ENTRIES SHOWN:
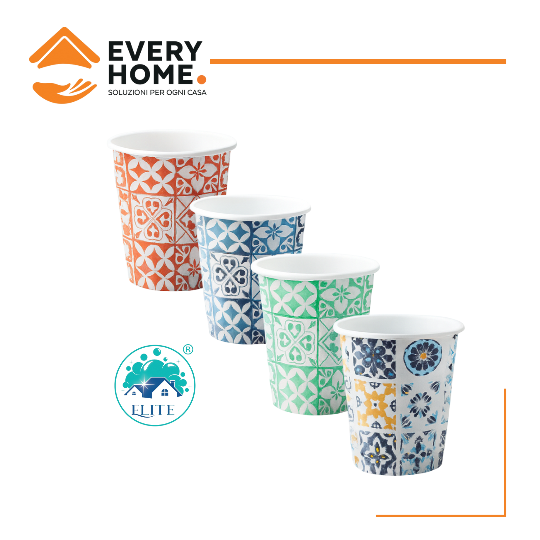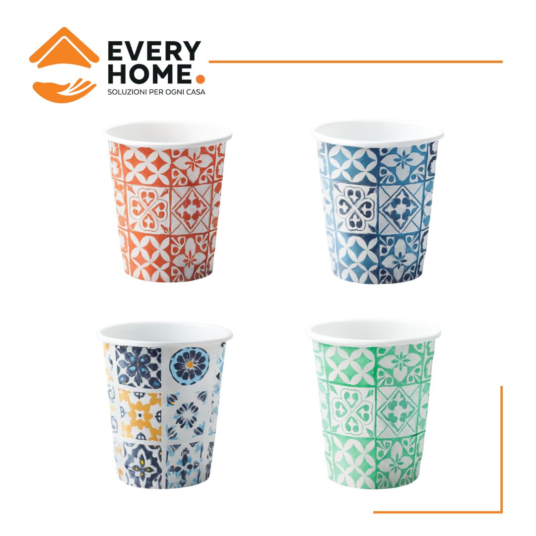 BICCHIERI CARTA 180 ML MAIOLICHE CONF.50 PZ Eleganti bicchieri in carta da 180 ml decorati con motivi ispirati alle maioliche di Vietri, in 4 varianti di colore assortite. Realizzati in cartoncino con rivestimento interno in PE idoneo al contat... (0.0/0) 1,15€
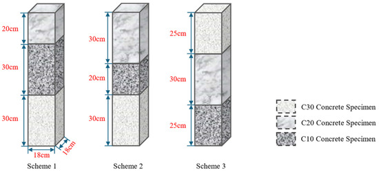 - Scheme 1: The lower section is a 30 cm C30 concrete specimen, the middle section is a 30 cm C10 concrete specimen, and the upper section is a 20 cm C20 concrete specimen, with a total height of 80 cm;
==
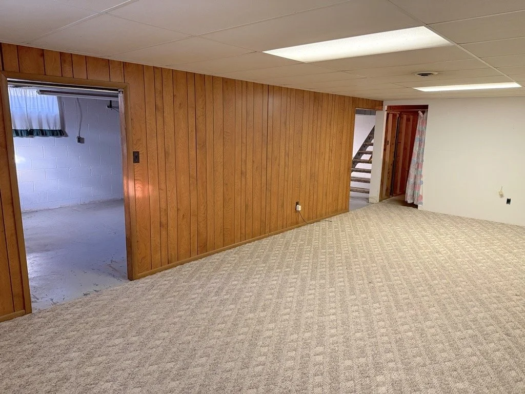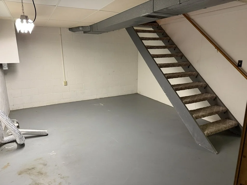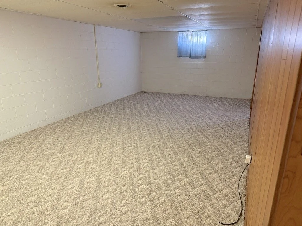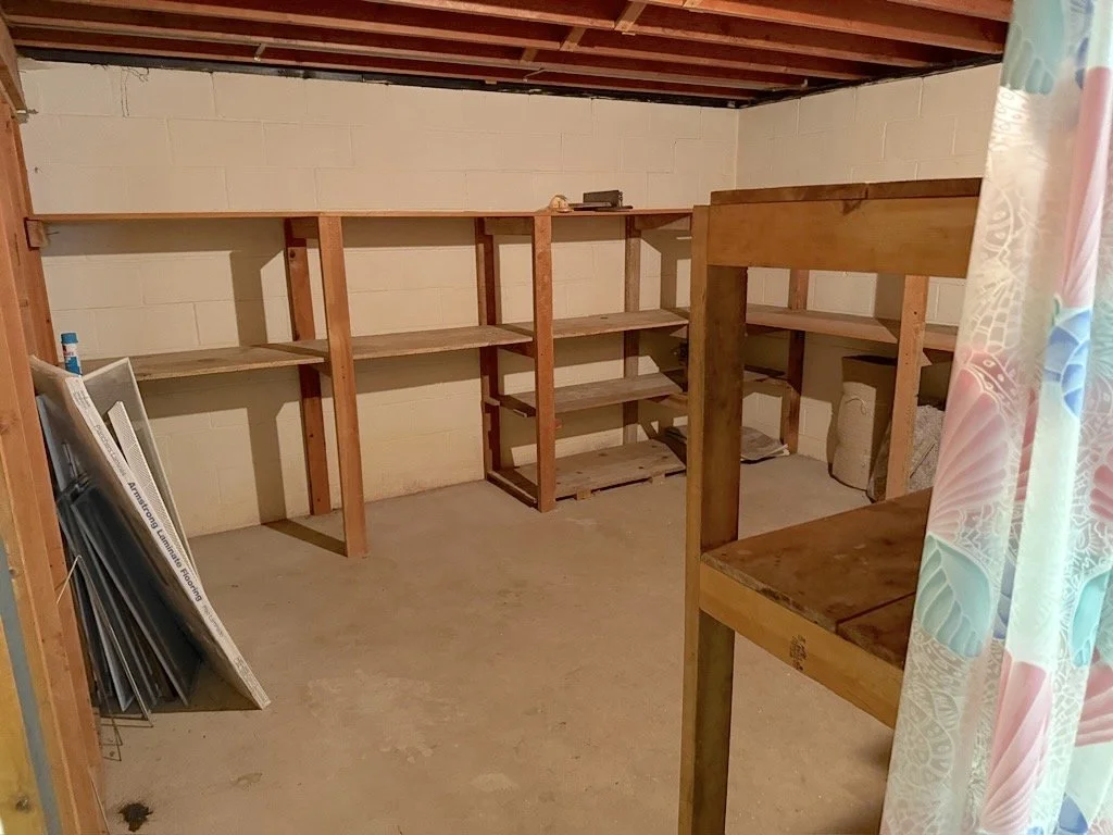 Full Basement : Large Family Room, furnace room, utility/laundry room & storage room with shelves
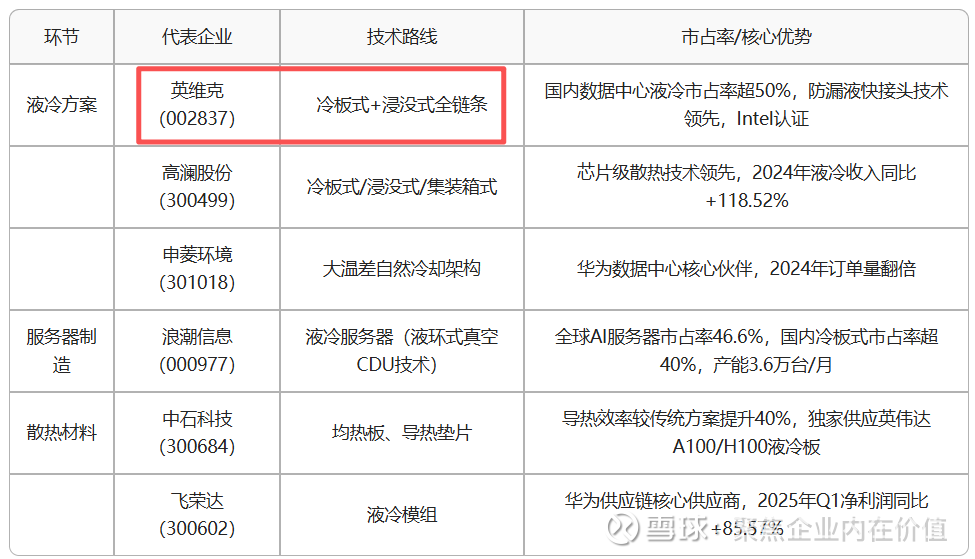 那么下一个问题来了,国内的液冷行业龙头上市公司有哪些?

WORK REQUIRED: Within the listing above, print exactly the stretch beginning at the line that contains "Full Basement : Large" and finishing at the line that contains "那么下一个问题来了,国内的液冷行业龙头上市公司有哪些?", ends kept, pictures left out, and nothing more.

OUTPUT OF THE EXERCISE:
 Full Basement : Large Family Room, furnace room, utility/laundry room & storage room with shelves
 那么下一个问题来了,国内的液冷行业龙头上市公司有哪些?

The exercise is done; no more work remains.